TASK PROMPT — Set the pictures aside and set down only the lines from the line holding "- Use a cable" through the end of the entries below, ends included.

TASK MATERIAL —

★ ★ ★ ★

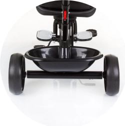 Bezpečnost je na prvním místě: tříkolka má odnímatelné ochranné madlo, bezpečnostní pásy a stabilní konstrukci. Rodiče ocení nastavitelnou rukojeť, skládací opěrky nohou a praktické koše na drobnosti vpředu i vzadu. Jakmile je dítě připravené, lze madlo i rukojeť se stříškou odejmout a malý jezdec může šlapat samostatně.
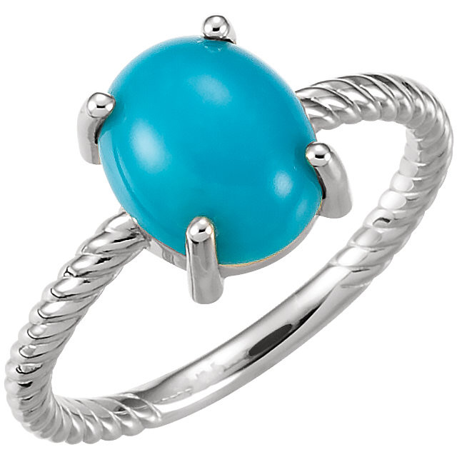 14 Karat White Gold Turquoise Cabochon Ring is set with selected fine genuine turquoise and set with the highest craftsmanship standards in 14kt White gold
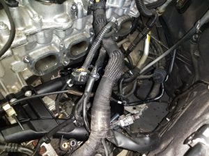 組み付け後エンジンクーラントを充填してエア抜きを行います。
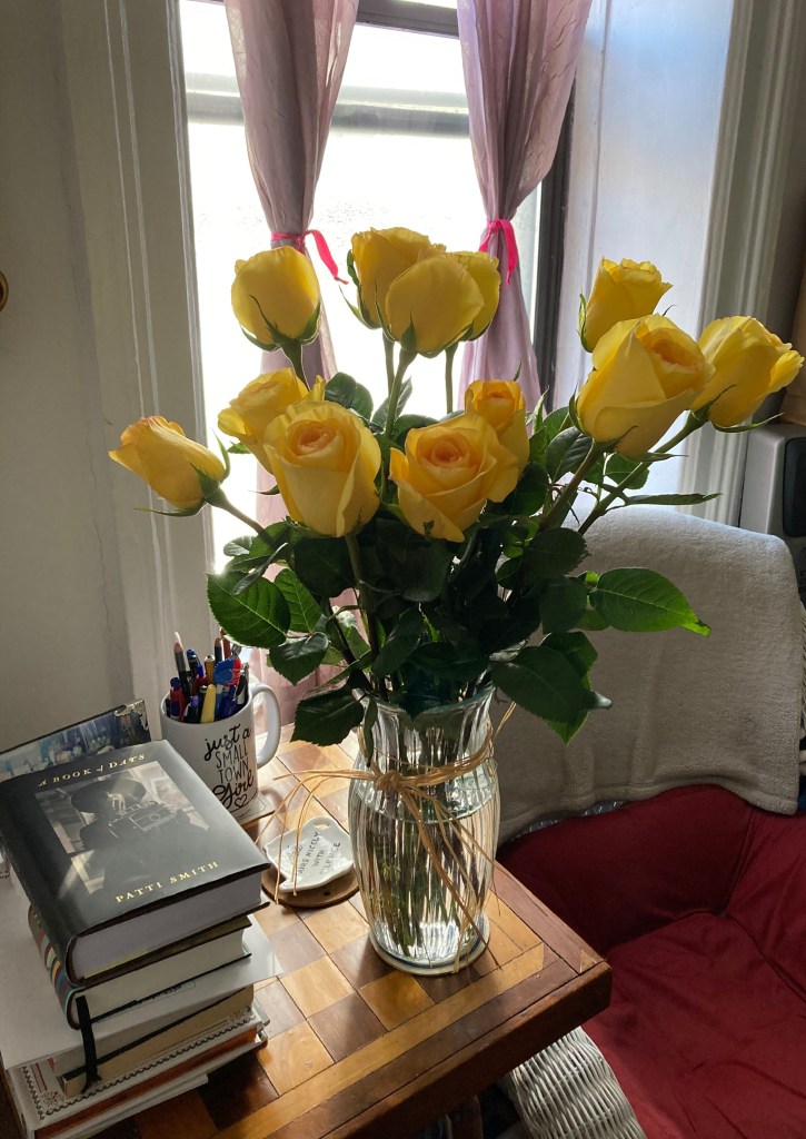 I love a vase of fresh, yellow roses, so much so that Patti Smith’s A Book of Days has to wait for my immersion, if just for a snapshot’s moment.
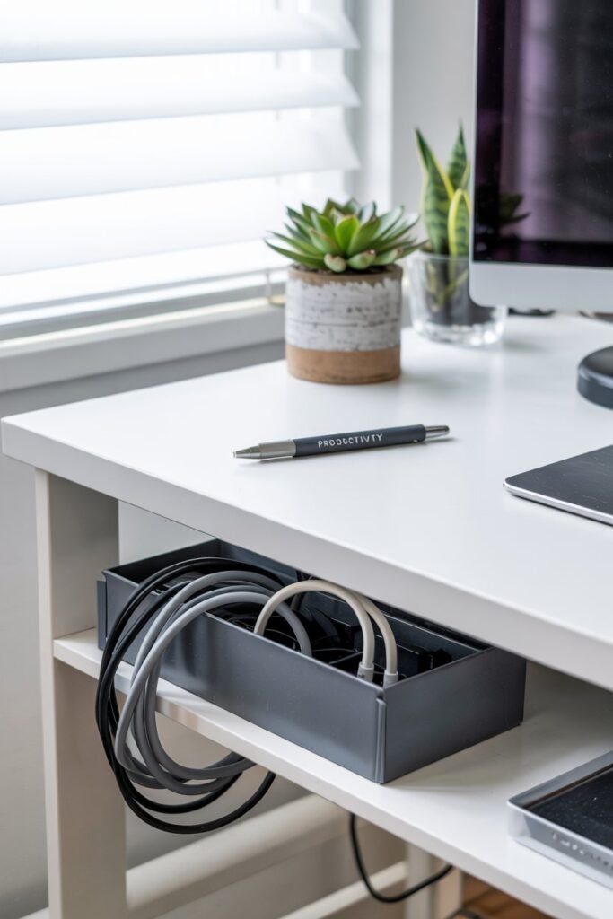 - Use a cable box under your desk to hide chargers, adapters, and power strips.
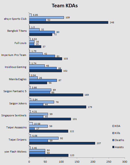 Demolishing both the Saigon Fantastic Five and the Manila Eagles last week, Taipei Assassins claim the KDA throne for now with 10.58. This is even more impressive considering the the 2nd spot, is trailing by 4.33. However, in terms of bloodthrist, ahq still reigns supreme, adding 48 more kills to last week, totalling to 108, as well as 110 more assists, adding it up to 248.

★ ★ ★ ★

WRITTEN RESPONSE —
 - Use a cable box under your desk to hide chargers, adapters, and power strips.
 Demolishing both the Saigon Fantastic Five and the Manila Eagles last week, Taipei Assassins claim the KDA throne for now with 10.58. This is even more impressive considering the the 2nd spot, is trailing by 4.33. However, in terms of bloodthrist, ahq still reigns supreme, adding 48 more kills to last week, totalling to 108, as well as 110 more assists, adding it up to 248.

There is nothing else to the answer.